The radiographic identification of a disto-lingually located RE (type A) may be a challenging task, because this root is mostly situated in the same bucco-lingual plane as the DR. Therefore, the additional 25° mesial radiograph is essential in such cases [31]. In MFMs with mid-lingually located RE (type AC), overlapping with the DR is less likely, which makes it easier to identify by using periapical radiography. The absence of overlapping between the RE and DR appears to be the only sign indicating type AC morphology on a straight periapical radiograph. CBCT overcomes these limitations and allows a reliable distinction between both morphological types of RE.

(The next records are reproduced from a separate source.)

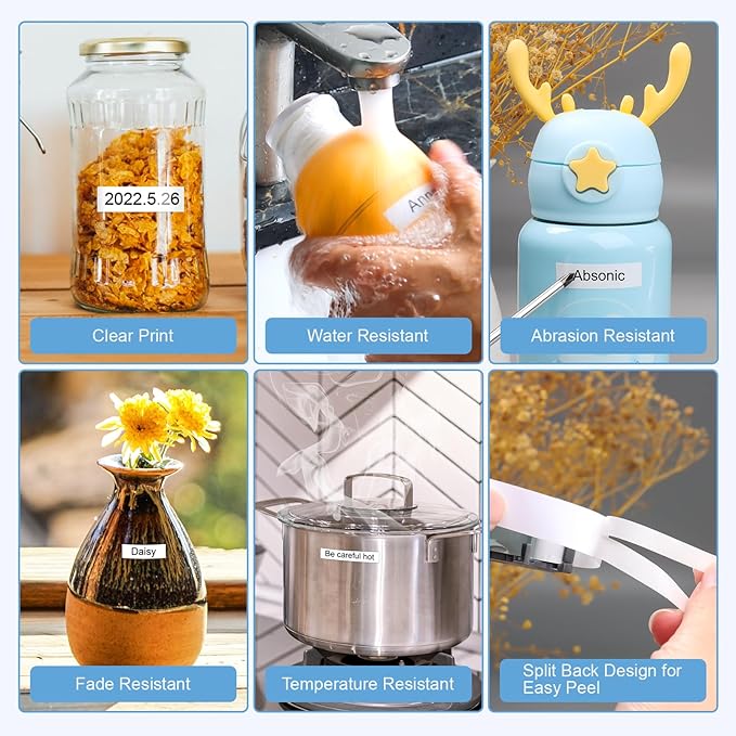 - Features: 12mm black on white label tape compatible with Brother P Touch label tape tz tze 12mm 0.47 inch white tape is waterproof, abrasion resistant, fade resistant, and temperature resistant. The split-back design for easy peel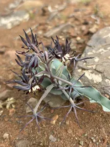 Ornithoglossum vulgare is a perennial herbaceous plant growing from a corm, characterized by blueish to grey-green, boat-shaped leaves and an attractive flower structure.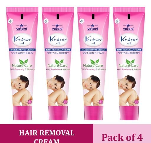 Product Name: Vetoni Veclean No.1 Hair Removal Cream for Men and Women – Smooth & Painless Hair Removal with Strawberry Freshness and Skin-Soothing Care,(40 gm),Pack of 4 Each (160 gm)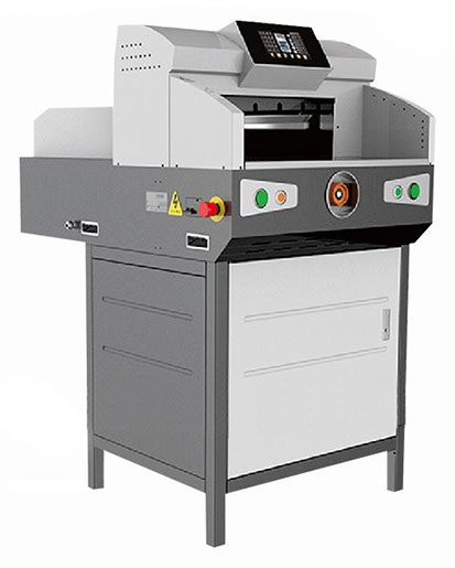 The world’s most advanced 46cm cutter at the world’s best price. The totally new 46cm cutter offers copyshops all the features previously found only on very large professional machines that cost 1000’s more. Compare with the others: full 46cm cutting table depth, others offer only 35cm, extra deep 23cm front table for cutting longer sheets, others offer only 15cm, electrically powered paper press, no more sheet slippage when cutting glossy paper, other use a manual press or weak springs, deepest cutting depth in its class up to 5cm, other have only 3 or 4cm depth, servo controlled backguage with 80 programs, with push out function! Others have only manual backguage settings. HSS knife*, more than 12000 cutting cycles before regrinds! Full LCD display with keyboard! Others only offer no display at all or as an expensive option. Overhanging front guard for extra long paper. *HSS knife optional.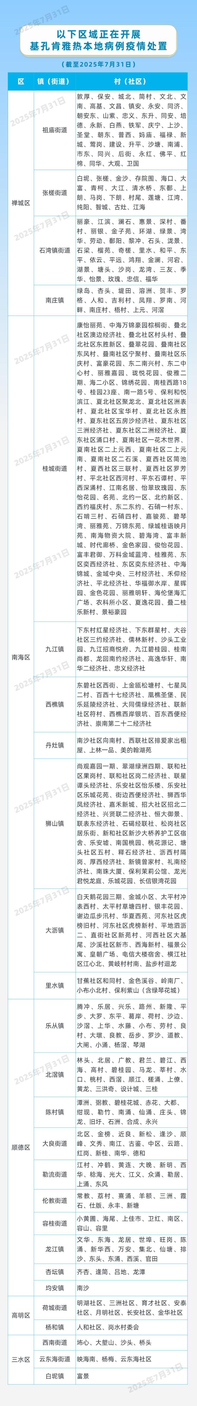 根據佛山疾控7月31號提醒,以下區(qū)域正在開展基孔肯雅熱疫情處置,請做好防范措施。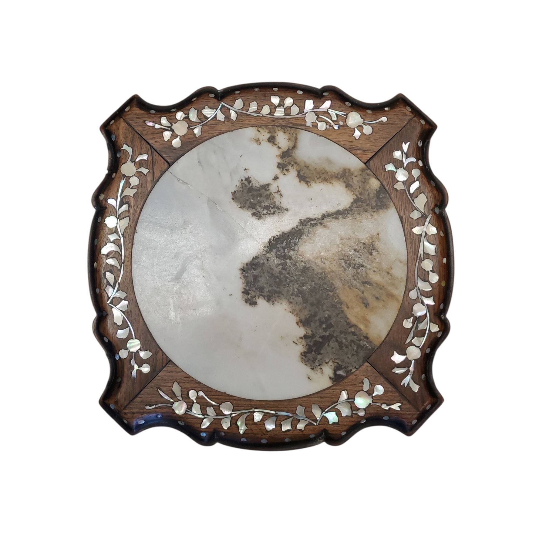 Chinese Rosewood Plant Stand Marble Top Mother of Pearl Inlay 18x18x18-Inch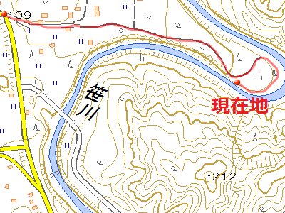 集落から完全に離れ、林の中を進むと眼下に笹川が見えてきました。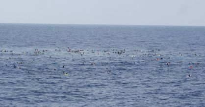 Decenas de personas esperan su rescate tras el naufragio de un barco que partió de Libia el miércoles, en una imagen facilitada por la policía italiana. / REUTERS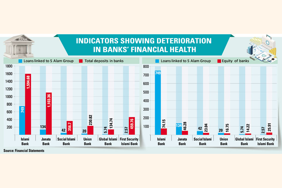 Altogether, S Alam Group borrowed Tk 953.31 billion from six banks whereas the lenders' aggregated equity is Tk 200.35 billion. First Security Islami Bank is the only one among the six banks which lent 10 per cent, within the limit, of its capital to the group.

The absence of MFMs with RP in our material is not unexpected, given the rarity with which they occur. Such a tooth was not found among 1954 MFMs from the Amsterdam collection of extracted teeth [30], nor was it found on CBCT scans of 116 Brazilian dental patients [20]. However, one MFM with a separate RP and four MFMs with unseparated RP and MR were identified in the Copenhagen collection of extracted teeth [5].
CONCLUSIONS
Mid-lingual position of a RE is a rare but clinically significant anatomic variation of MFMs. This variation needs to be identified during endodontic treatment so that appropriate adjustments to the access opening can be made, and thorough debridement of the additional root canal can be accomplished. From a periodontal viewpoint, such a tooth is suitable for resection of the RE in the case of furcation involvement. This study disputes the previous assertion that an RE in MFMs always occurs on the lingual side of the main distal root. Replacement of the more inclusive term ‘RE’ with positional terms stating the distal position of the additional root (disto-lingual/additional distal/extra distal root) is hardly appropriate in light of the presented findings. Regardless of the RE position in the root complex, the clinician should anticipate that its root canal exhibits a lingual tilt and a severe curve toward the buccal, which cannot be detected readily on conventional radiographs.